И она ушла. Чемодан гремел колёсами по ступенькам, красное пальто мелькнуло за дверью, и в подъезде снова стало тихо. Только где-то сверху играла музыка – старый вальс, кажется.
Я стоял и думал. О чём можно пожалеть в шестьдесят один год, когда разводишься, берёшь чемодан и уходишь сама, а не тебя выгоняют? И почему это единственное сожаление не убирает с лица улыбку, а делает её только спокойнее?
---
Всё началось три месяца назад.
Я живу в этой двушке на третьем этаже уже лет пять. Один, после развода. Соседей знаю плохо, но Галина Петровна – особенная. Она всегда здоровается первой, всегда спросит, не болит ли голова, не поел ли. И всегда – в сером или бежевом. Такая незаметная, будто её специально подбирали под цвет стен.
В тот вечер она сидела на лавочке у подъезда. На ней была серая кофта с вытянутыми рукавами, тёмные брюки, старые туфли на низком каблуке. В руках – пакет с зелёными помидорами.

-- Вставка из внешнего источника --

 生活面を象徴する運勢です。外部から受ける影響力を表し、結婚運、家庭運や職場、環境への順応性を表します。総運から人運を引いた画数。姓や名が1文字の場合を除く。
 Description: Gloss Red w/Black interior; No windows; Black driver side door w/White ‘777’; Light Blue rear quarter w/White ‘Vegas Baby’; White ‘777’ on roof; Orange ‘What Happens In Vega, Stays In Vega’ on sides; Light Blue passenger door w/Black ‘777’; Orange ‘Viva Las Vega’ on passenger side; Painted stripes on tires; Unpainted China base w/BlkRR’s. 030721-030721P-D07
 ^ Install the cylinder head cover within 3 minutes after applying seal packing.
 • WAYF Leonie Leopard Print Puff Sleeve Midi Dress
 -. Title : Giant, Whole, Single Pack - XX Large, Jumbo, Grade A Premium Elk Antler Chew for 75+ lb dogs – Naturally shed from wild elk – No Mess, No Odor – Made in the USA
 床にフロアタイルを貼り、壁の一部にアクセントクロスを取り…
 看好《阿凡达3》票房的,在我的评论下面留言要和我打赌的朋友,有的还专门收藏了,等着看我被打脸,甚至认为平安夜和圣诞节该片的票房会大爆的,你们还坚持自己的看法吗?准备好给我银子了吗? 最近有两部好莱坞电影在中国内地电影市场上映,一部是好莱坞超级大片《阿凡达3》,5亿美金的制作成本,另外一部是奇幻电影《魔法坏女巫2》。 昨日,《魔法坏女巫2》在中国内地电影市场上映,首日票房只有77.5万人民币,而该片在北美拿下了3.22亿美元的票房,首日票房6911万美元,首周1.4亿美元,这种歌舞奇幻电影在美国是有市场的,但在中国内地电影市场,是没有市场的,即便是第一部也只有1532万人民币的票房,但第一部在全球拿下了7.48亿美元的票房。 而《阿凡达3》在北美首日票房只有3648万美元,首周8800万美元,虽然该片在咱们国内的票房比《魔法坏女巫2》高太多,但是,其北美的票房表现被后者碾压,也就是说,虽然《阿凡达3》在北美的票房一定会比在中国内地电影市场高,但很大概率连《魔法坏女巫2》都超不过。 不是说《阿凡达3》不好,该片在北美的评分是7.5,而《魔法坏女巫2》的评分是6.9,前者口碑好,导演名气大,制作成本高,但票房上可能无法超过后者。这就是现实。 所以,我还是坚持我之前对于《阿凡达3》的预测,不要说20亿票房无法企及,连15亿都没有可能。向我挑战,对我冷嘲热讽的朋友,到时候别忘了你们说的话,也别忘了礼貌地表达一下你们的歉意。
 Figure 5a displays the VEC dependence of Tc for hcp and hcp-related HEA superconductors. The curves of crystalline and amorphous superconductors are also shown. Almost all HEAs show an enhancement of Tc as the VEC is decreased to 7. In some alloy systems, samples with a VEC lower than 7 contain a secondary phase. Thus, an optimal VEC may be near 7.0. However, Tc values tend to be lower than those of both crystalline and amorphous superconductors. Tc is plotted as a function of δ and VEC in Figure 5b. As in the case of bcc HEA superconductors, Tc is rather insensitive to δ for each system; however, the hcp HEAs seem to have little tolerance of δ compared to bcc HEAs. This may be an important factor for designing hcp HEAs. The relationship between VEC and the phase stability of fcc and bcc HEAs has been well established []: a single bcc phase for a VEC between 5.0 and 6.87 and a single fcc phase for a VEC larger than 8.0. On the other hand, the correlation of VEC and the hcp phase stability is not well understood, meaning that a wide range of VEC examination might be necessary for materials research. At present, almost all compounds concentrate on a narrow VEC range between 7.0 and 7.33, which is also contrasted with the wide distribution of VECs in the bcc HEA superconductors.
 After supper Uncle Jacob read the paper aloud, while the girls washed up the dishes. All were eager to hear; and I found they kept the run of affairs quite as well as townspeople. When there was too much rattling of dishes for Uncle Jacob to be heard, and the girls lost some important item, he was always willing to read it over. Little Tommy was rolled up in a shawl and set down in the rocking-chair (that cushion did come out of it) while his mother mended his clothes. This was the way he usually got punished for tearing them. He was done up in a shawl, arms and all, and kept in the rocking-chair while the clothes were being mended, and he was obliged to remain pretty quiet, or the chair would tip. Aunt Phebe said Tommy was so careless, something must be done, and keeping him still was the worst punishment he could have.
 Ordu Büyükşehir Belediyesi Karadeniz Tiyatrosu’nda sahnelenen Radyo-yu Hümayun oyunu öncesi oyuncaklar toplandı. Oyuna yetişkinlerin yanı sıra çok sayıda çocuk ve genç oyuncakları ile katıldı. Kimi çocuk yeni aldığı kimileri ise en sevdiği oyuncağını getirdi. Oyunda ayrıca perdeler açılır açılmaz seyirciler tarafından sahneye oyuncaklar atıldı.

– Галина Петровна, – говорю. – Вы почему одна? Борис Петрович где?
Она вздохнула.
– В санаторий уехал. На месяц. Сказал, нервы лечить. А у меня, знаешь, нервы как раз от него.
Я засмеялся, но она не засмеялась. Просто посмотрела на свои руки. Они лежали на коленях – вены набухшие, пальцы скрюченные, будто всегда сжимают что-то невидимое.
– Ты заходи, – сказала она. – Чай попьём.
Я зашёл.
В их квартире пахло старыми газетами и борщом. Борщ она варила каждую субботу – я знал, потому что в этот день из-под двери всегда тянуло укропом и капустой. На подоконнике стояла фиалка с жёлтыми листьями. Цвела она редко, но Петровна её поливала каждый день, как ребёнка.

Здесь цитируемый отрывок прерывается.